A Review of Permanent Earthquake by Evan Dara

“He is not the impotent puppet of a conscienceless earth. […] He can be his own stillspot. If temporarily.”

First J. G. Ballard blew the world in 1961 (not up, just blew it), then he drowned it in 1962, then he dried it in 1964, and as if that wasn’t enough telluric torture, he encrusted it with crystals in 1966. And now, in the time of COVID-19, Evan Dara has literally taken up the mantle of apocalyptic natural disasters by shaking the world in Permanent Earthquake, his first novel in 8 years.

Dara arrived on the scene with the cult favorite The Lost Scrapbook in 1995, after it was chosen by the one and only William T. Vollmann for the 12th Annual FC2 Illinois State University National Fiction Competition. Due to its innovation, it drew comparisons to the work of Joseph McElroy, Thomas Pynchon, and most especially William Gaddis. About the latter, Steven Moore wrote: “Asked about Gaddis’s possible influence, Dara told me that while working on The Lost Scrapbook he heard that J R was a novel in dialogue and checked it out from The American Library in Paris: ‘Took the novel home, plunked it open, tapped it shut — didn’t want the influence’ (email January 19, 2014).”

And but so this makes Permanent Earthquake all the more curious, for it’s a relatively traditional novel that, as mentioned, can be traced back to Ballard’s speculative fiction. Some possibly tenuous connections could be made with a magnifying glass if not a microscope. The Lost Scrapbook, for instance, concerns itself with ecology. However, there’s no explanation for this eternal earthquake, only more speculation, so it could be due to human (mis)behavior or something else entirely. The novel’s protagonist, a young man possibly in his early 20s, wonders: “How has the world grown so cold it would shiver thus? […] Resource extraction, overbuilding. Geological devolution, a lowering watertable. Overpopulation. Business cabals. Colonial skullduggery. Falling birthrate leading to a shrinking taxbase leading to decisions to clear the land. Holy decree. No one knows. They shake.”

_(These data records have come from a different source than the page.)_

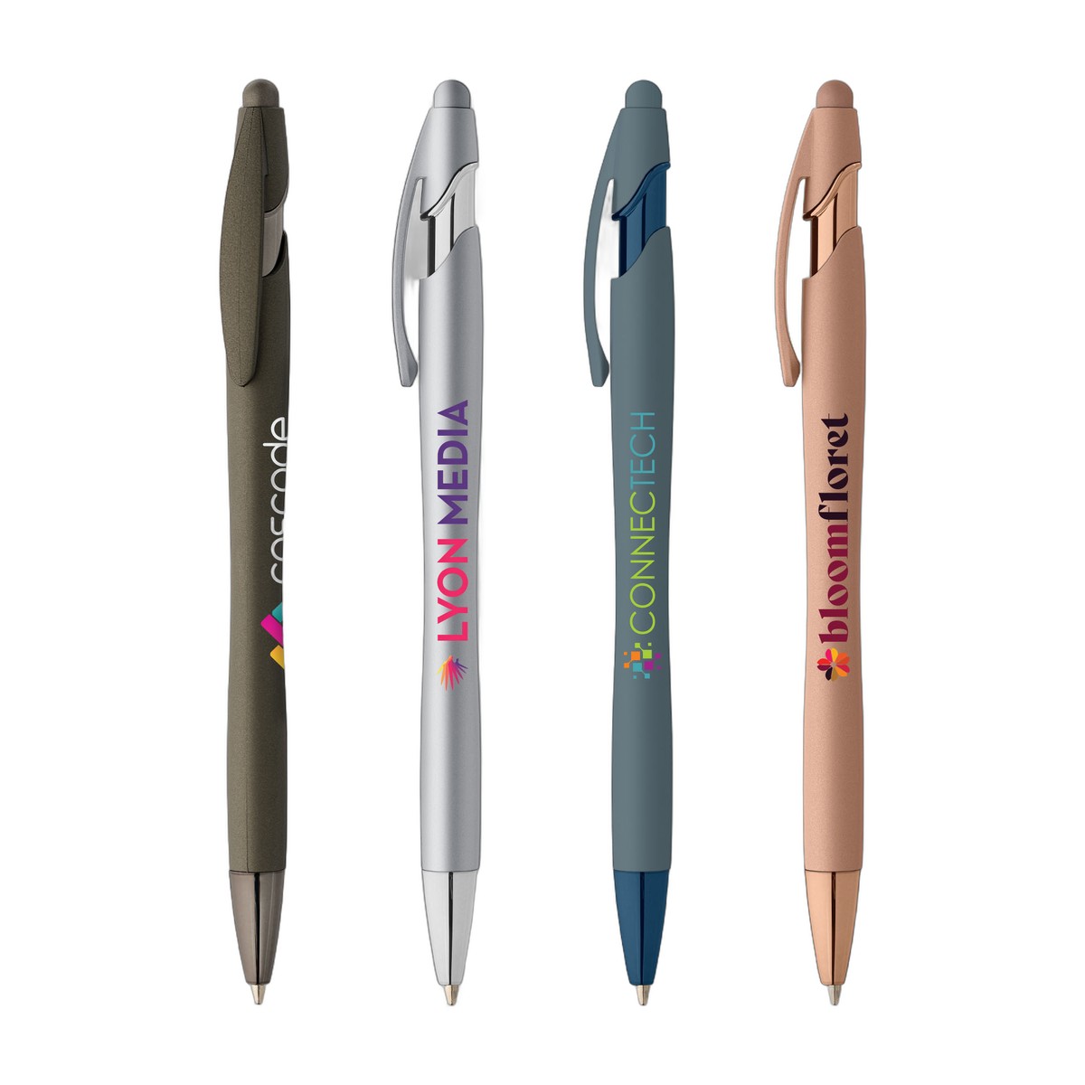 Once clients hold the La Jolla Softy Pen with Stylus, they'll want to use it daily. This sleek, elegant plastic pen uses a trendy monochromatic look throughout the barrel and trim, plus a metallic finish that looks great and is stunning. This medium black ballpoint pen also features a stylus at the top, making this the perfect 2-in-1 advertising gift. . Complies with Prop 65. 5.65" W x 0.41" D
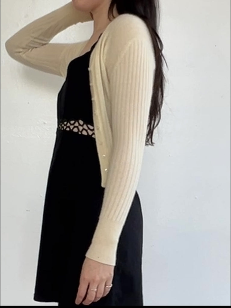 Incredibly soft scottish-made Ballantyne cashmere ribbed cardigan with mother of pearl buttons. In great condition.
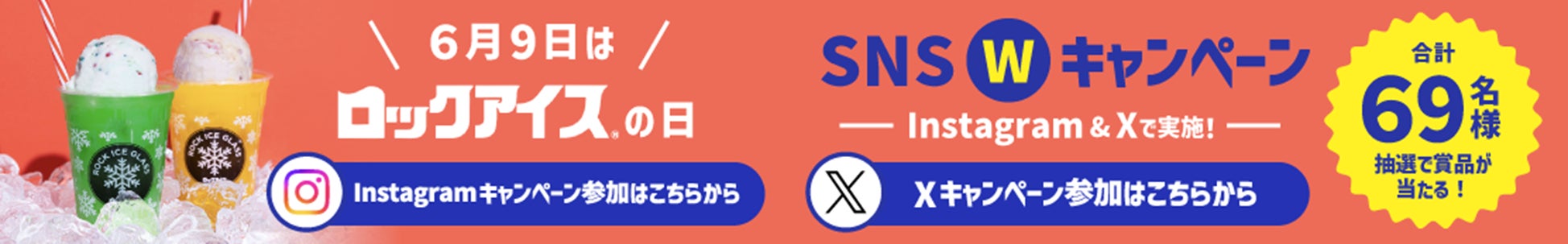 合計69名に景品が当たる「6月9日はロックアイスの日Wキャンペーン」実施
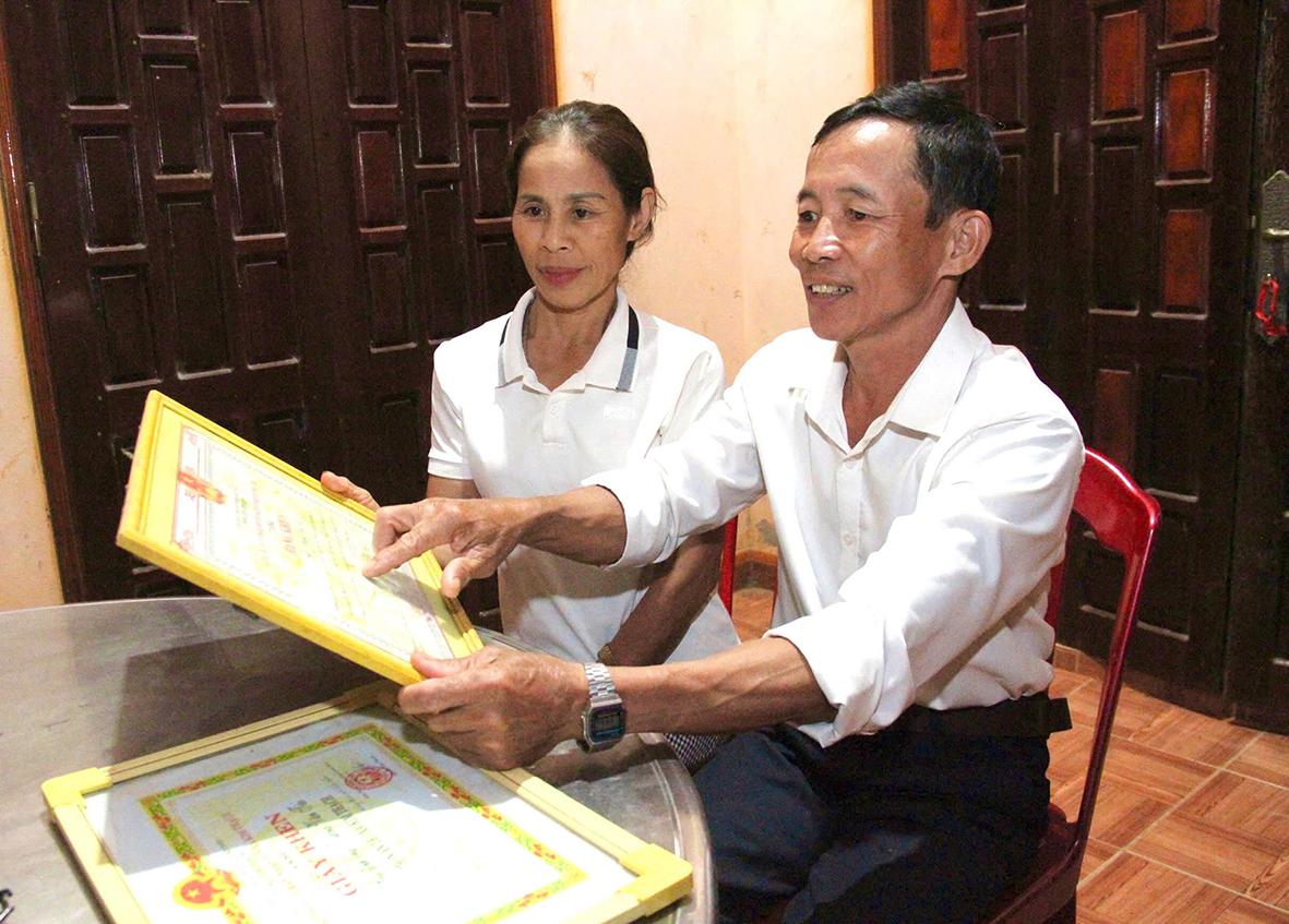 Vợ chồng ông Dương Văn Tài luôn trân quý tấm bằng khen, giấy khen mà các cấp, ngành đã trao tặng - Ảnh: H.N
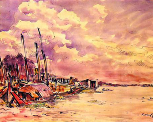 Group E : Picture 5 portrays the picture of a village by the side of a river. We see that the sky is covered with clouds.
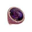 Tento prsteň z ružového zlata z 18 karátu, pokrytý diamantom, zafírovou ružovou farbou a ametystovým africkým prsteňom, kombinuje krehkosť s trvalosťou a je pozdravom samotnej krásy. Jeho nádherná kombinácia bude s vami po celý život. Šperk je súčasťou kolekcie Fantasy.
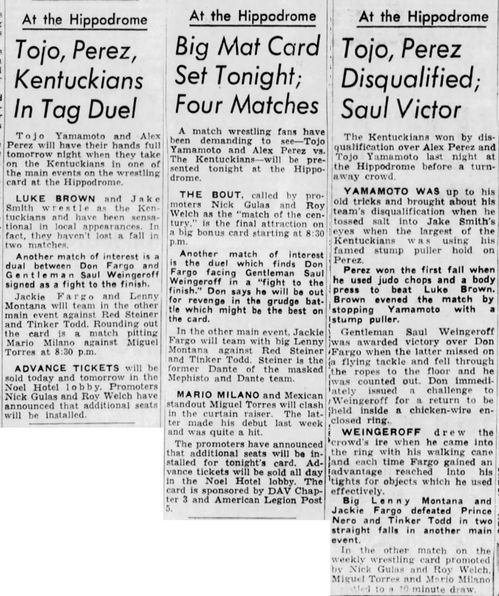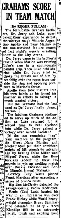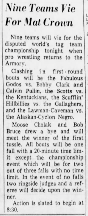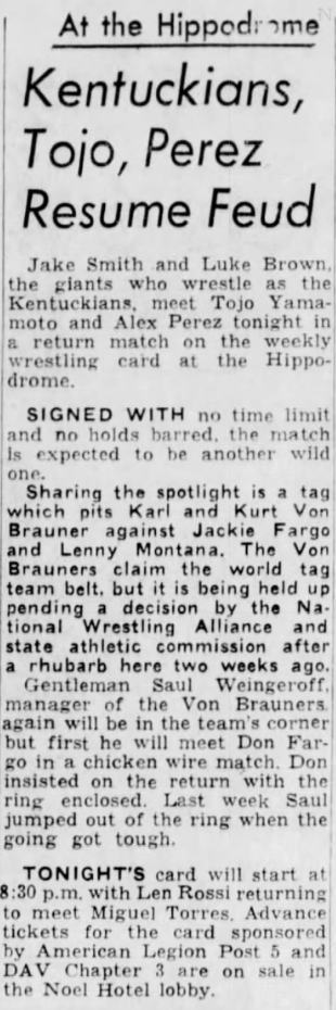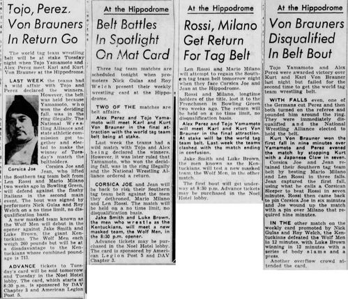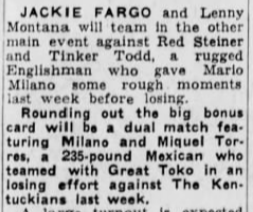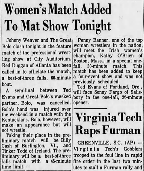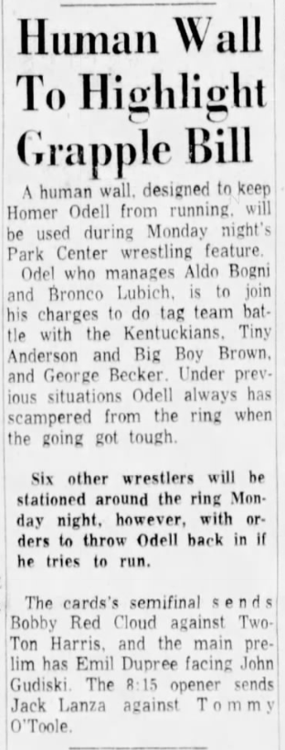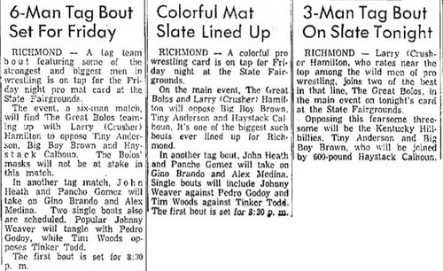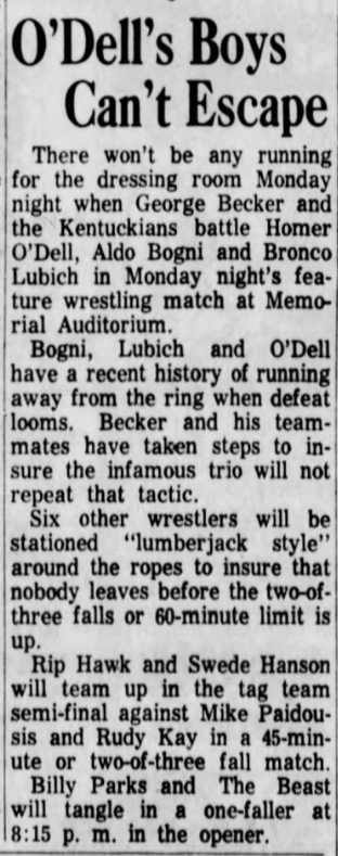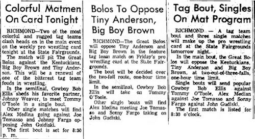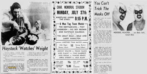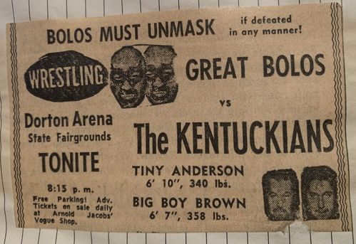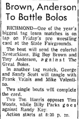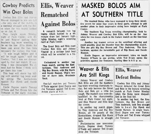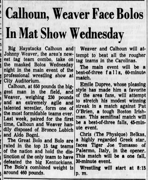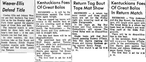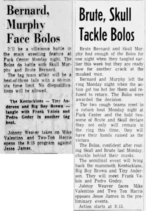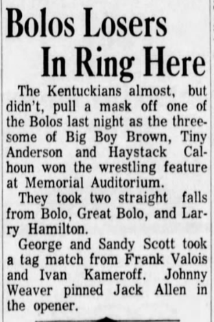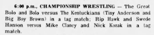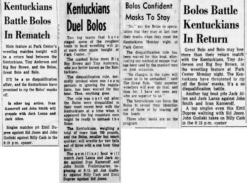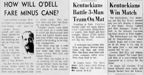 “A semifinal between Ted Evans and Great Bolo’s masked partner, Bolo, was cancelled. Bolo’s hand was injured over the weekend in a match with the Kentuckians. Bolo, however, will make an appearance but will not wrestle.”
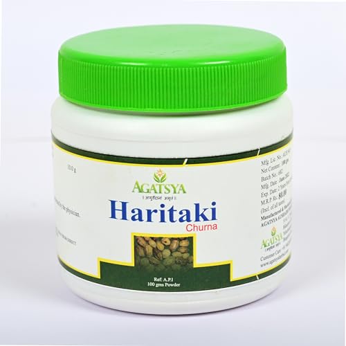 Haritaki literally means that which effectively removes the diseases and that which makes the body shine.It is considered to be one of the best herb for balancing Vata dosha. It acts as a bowel cleanser and supports healthy digestion. It streghtens the tissues, nourishes and supports the proper functioning of colon, lungs, liver and spleen. It is one of the ingredients of Triphala. Botanical name: Terminalia chebula Retz. Family: Combretaceae The fruit pericarp is used to make Haritaki churna. Rasa: Pancharasa except Lavana rasa, predominantly Kashaya rasa Guna: Laghu, Ruksha Veerya: Ushna Vipaka: Madhura Balance all the three doshas- Vata,Pitta and Kapha dosha. Agatsya Haritaki Churna benefits: · Medhya ie a brain tonic,improves intelligence and memory · Improves skin complexion · Rasayana- Anti aging; improves life expectancy · Natural detoxifier · Promotes physical strength · Relieves inflammation · Improves digestive strength · Helps in normalizing bowel movements · Supports eye health.
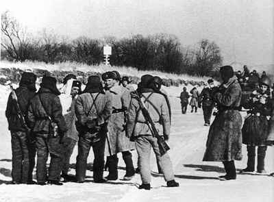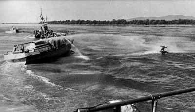苏军出动消防艇,用高压水龙喷射在乌苏里江上捕鱼的中国渔民
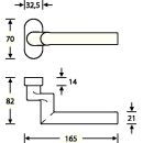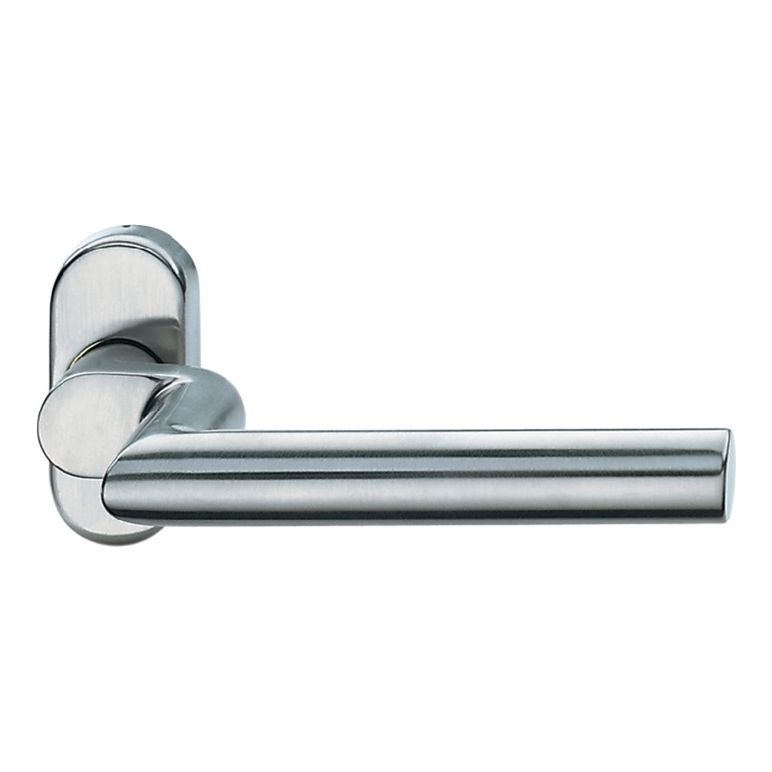 verkröpft · auf ovaler Rosette mit unsichtbarer Befestigung für Senkschrauben M5 (Schraublochabstand 50 mm) mit Hochhaltefeder · mit 8 mm Lochung (Standard-Vierkant) oder 9 mm für Feuer- und Rauchschutztüren · fest/drehbar gelagert - Lieferung ohne Stift und Schrauben -Weitere technische Eigenschaften:· Drückerlänge: 165mm· Typ: Profiltür· Befestigungsart: verdeckte Verschraubung· Drückertiefe: 82mm· Form: oval· Anschlagrichtung: DIN links / rechts· Farb-Nr.: 6204· Norm: DIN 1906· Lagerung: fest-drehbar
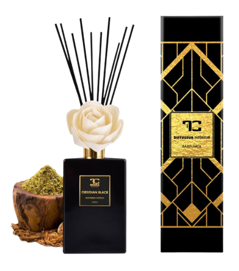• Dedra OBSIDIAN BLACK difuzér s FLOW květinou & tyčinkami PARFUMIA  500 ml
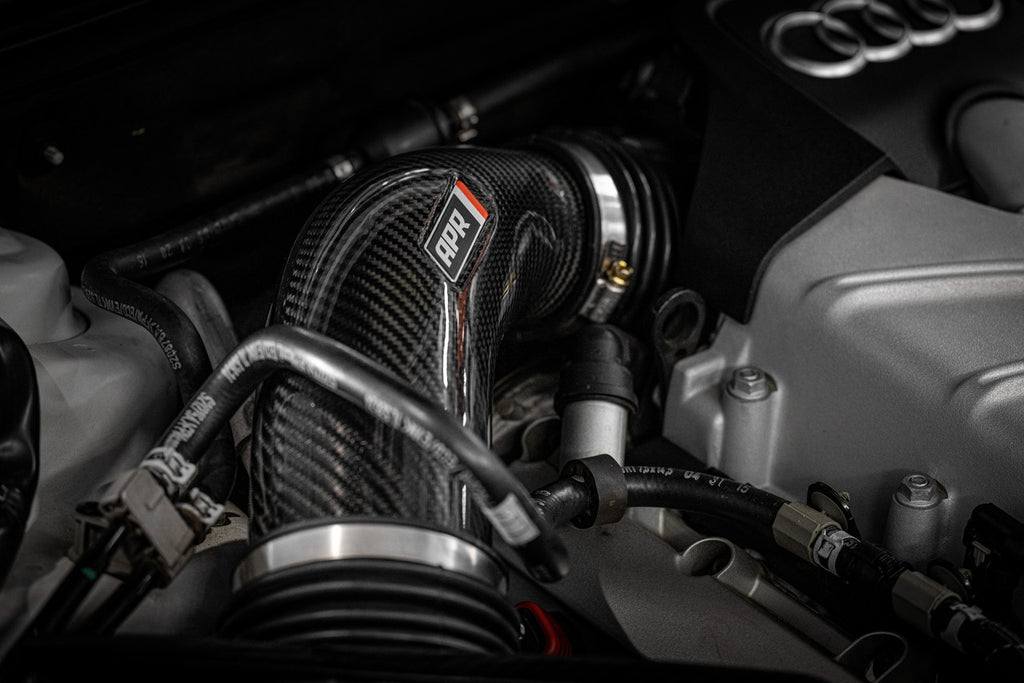 The APR Carbon Fiber Throttle Inlet Pipe is a massive upgrade over the complex factory inlet pipe. Reducing restrictions before the throttle body is necessary to maximize performance on this system. Our system is smooth and direct, and doesn't have extra resonators or restrictions like the factory system. The result is simple: it flows 20% better than stock, sounds better, looks better, and perfectly complements our open intake system!
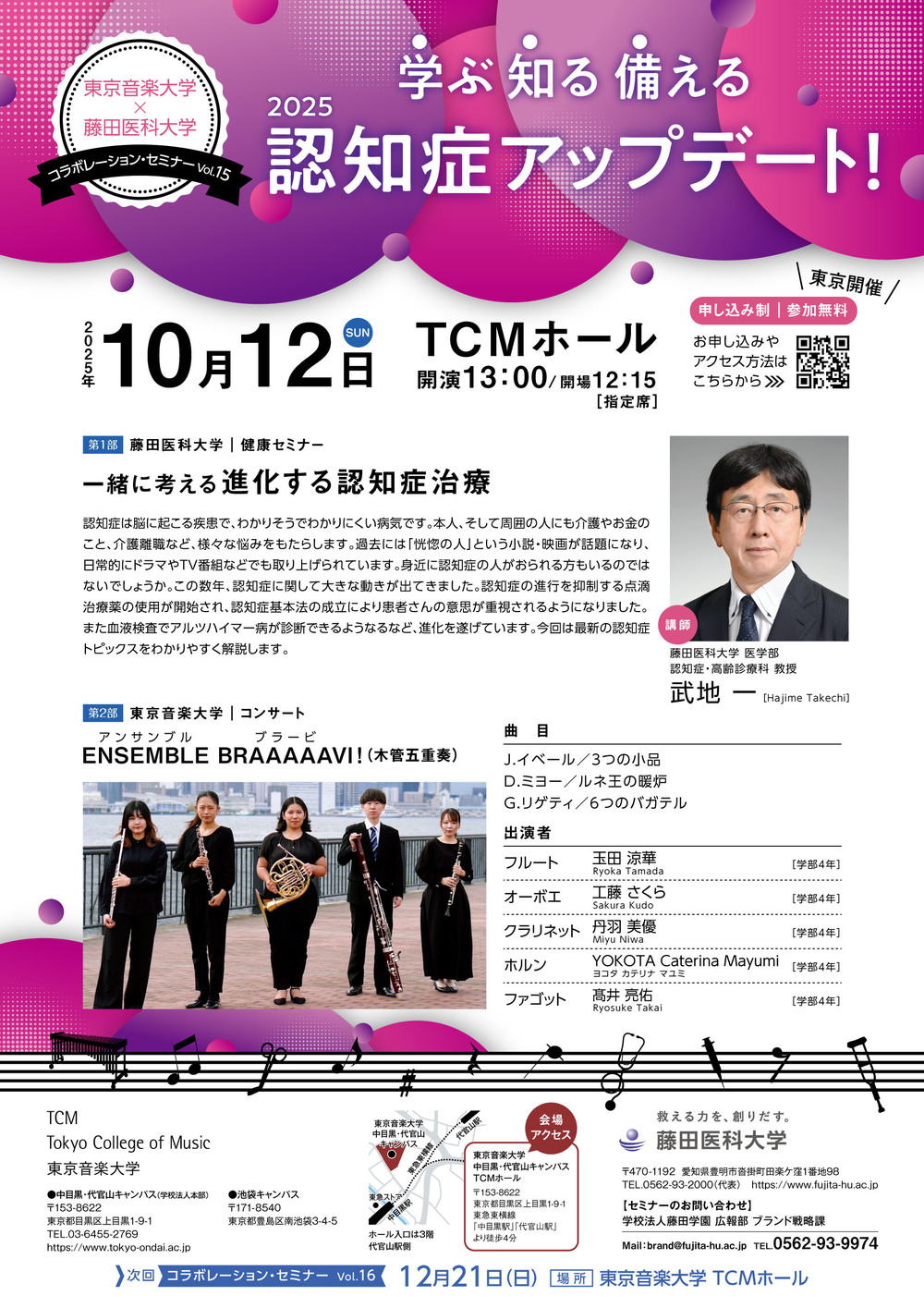 協定を記念したコラボイベントでは毎回さまざまなテーマによる健康や医療のお話と美しい音楽をお届けします。
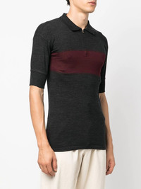 two-tone zip-up polo shirt dark grey/dark red wool-cotton blend fine knit two-tone design ribbed edge short front zip fastening polo collar short sleeves straight hem Imported Composition Wool 72%, Polyamide 18%, Cotton 10% SIZE & FIT Model measurements Height 5 ft 11 in(1.8 m) Bust/Chest 31.49 in(80 cm) Hips 36.22 in(92 cm) Waist 25.59 in(65 cm) FittingInformation This piece fits true to size. We recommend you get your regular size Cut for a slim fit Made with a mid-weight fabric Washing instructions Machine Wash
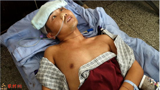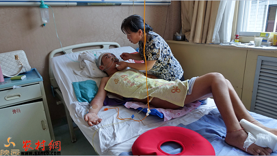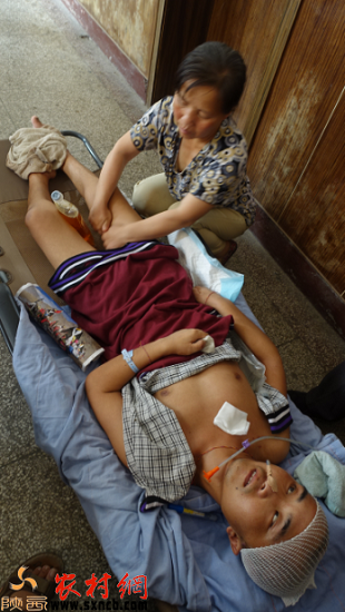 25歲的精壯小伙劉強是扶風(fēng)縣召公鎮(zhèn)吳家村人,在周至縣終南鎮(zhèn)境內(nèi)一水泥制品廠打工從8.5米高空墜落,幾經(jīng)輾轉(zhuǎn),現(xiàn)在在周至縣中醫(yī)院治療。8月9日,記者在周至縣中醫(yī)院住院部病房見到的劉強頭部浮腫、目光呆滯、靠管路輸入流食維持生命。一旁的劉強父親劉建文,頭發(fā)花白、面目黝黑、愁容滿面,與記者第一次見到時判若兩人。一旁的劉強母親見到記者問起劉強事情的進展情況,不時用手抹眼淚。歷經(jīng)三個多月,圍繞劉強在周至打工受傷以及治療等的進展,劉建文說簡直就像做惡夢一般”!而他們?yōu)榇烁冻龅木?、心血、財力,幾乎讓他心力交?-----

Regardless of the shake’s source, Dara’s original concept is ripe for exploration. The tremors are constant but fluctuate between a barely bearable Q1 to the higher registers that make falling a perpetual hazard if not an outright fatality. This is why people wear guards on their whole bodies, with backpacks and frontpacks for both storage and the desperate possibility of stability. If you want to keep your tongue, mouthguards are a must. The majority of the dialogue is limited to one or two words, back to caveman grunts, because of the mouthguards we later learn, although the font of this speech is akin to the capitals carved on tombstones, as though the air itself is so thick it needs to be lithically licked. Speaking of stones, most buildings have been utterly razed but there are manses, homes of the wealthy, that are just fine, guarded by gendarmes who are able to stabilize themselves with technology not available to the poor.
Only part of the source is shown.